Изгои - Igazerith
Шрифт:
Интервал:
Закладка:
По пустому коридору раздалось эхо одиноких шагов. Темень за окном давила на глаза. Когда дверь в туалет захлопнулась, внутри раздался какой-то шум.
Плотная тряпка туго, обжигая кожу, обтянула рот, тёмная повязка скрыла от глаз происходящее. Руки, как ни вырывайся, оставались за спиной. Цепкие лапы сжимали запястья до боли в ушах. Что-то тяжёлое ударило в живот, очистив разум от любой мысли. Следующий удар пришёлся в грудь, сразу под ключицей. Всё, что выше шеи, не пострадало, остальное же тело попало под бомбёжку кулаками. Грудь загорелась ненавистью к невидимым обидчикам, сердце заколотилось, как погремушка, от гнева. Недавний завтрак подступил к горлу после очередного удара в живот. Тряпка намокла от переваренной еды, рвущейся наружу, и вырвалась изо рта. Чей-то сухой шершавый рукав тут же занял место между зубами. Желание сходить в туалет пропало само собой после чересчур сильного удара чуть ниже живота. Тёплая жидкость потекла по ляжкам, намочив штаны. Обида дёрнула сердце, утяжелив грудь и разум. Удары резко прекратились, вокруг потемнело, раздалось убегающее множество шагов.

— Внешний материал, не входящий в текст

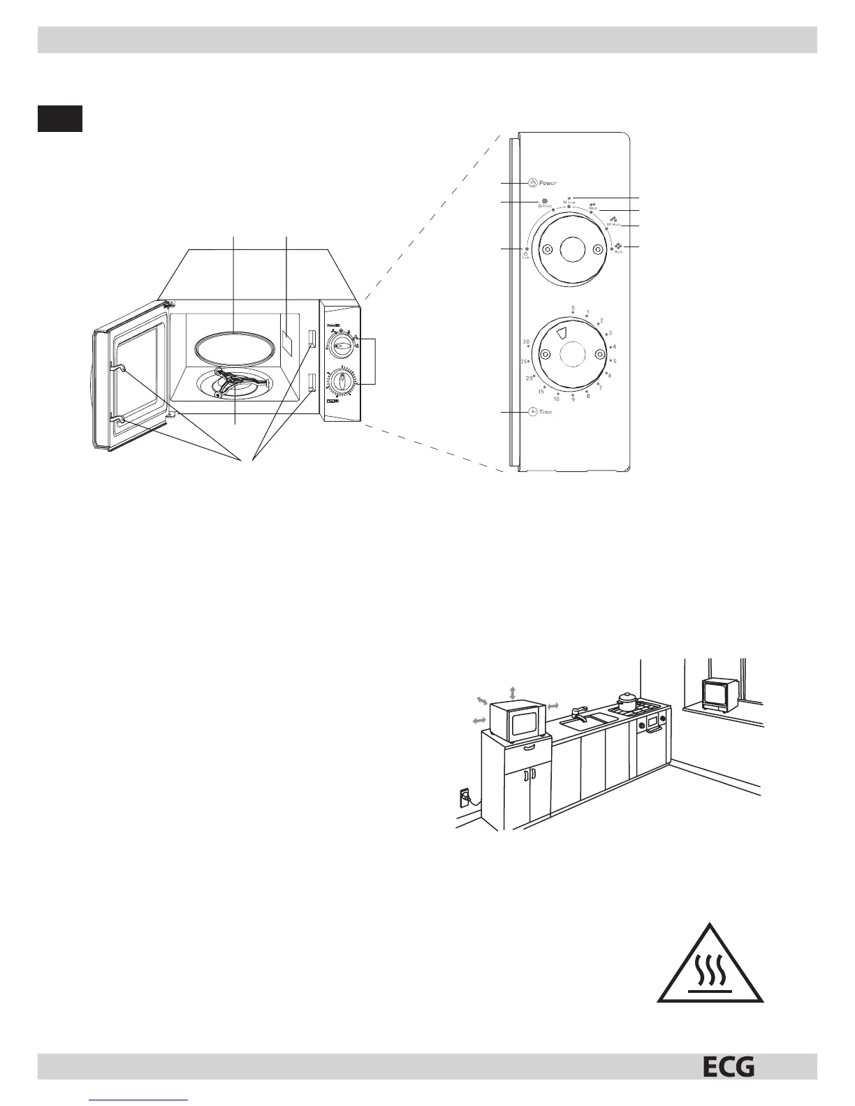 Mikrovlnná trouba je určena pro používání ve volném prostoru anesmí se umisťovat do skříňky.

Лицо горело душевной болью и ненавистью, тело, лишённое сил, не желало двигаться с места. Руки и ноги разлеглись на холодном полу туалета неподъёмными мешками. Карие глаза растеклись солёными ручейками по щекам. Сознание нарисовало картину, напоминающую о детстве.
В тот день любимый сад Валиссы сиял голубизной лучей Центавры. Фиолетовые пиамы красовались своими острыми треугольными лепестками, устремлёнными в небеса. Запах этих дневных цветов рисовал языку вкус персиков, готовых лопнуть на глазах от своей спелости. Мать могла часами сидеть на коленях возле пиамов, наслаждаясь их существованием. Длинные брюнетчатые волосы едва не касались земли, нежно лаская поясницу женщины.
– Мамочка, что ты делаешь? – голова маленькой Кикки едва выглядывала над природной красотой сада.
Взрослая рука мягко взяла за плечо, направила к себе.
– Смотри, Кикки, – шептала Валисса дочери, нежно щекоча ухо своим дыханием, – как прекрасны эти цветы! – девочка впервые слышала в голосе матери такое опьянённое восхищение, – Днём, при свете Центавры, фиолетовые лепестки тянутся в небо, к теплу своей родной звезды, которая дарует им жизнь и свою любовь. Ночью же, когда над головой хозяйничает холодный Лодо, пиамы закрывают ото всех свою красоту, пытаясь насладиться нежностью недавнего тепла, чтобы хоть как-то скрасить тёмное время расставания с Центаврой-матерью, – указательный палец женщины, украшенный брачным кольцом, аккуратно поднял один из лепестков пиама, явив глазу тусклую желтизну обратной стороны лепестка.
– Как красиво… – увлечённо проговорила Кикки, наблюдая за любовью матери к цветку.
Остывающий холод между ног напомнил Кикки о реальности. Даже сейчас девушка не понимала слов матери, сказанных, казалось, целую вечность назад. Ясно было только одно: Валисса невероятно любила те цветы.
– Кикки! – послышался приближающийся бег за спиной, – Кикки, что… – дверь открылась, пролив искусственный свет электрической лампы в тёмную коробку туалетной комнаты, – Что они с тобой сделали… – изумлённое лицо подруги вновь поразило сердце обидой.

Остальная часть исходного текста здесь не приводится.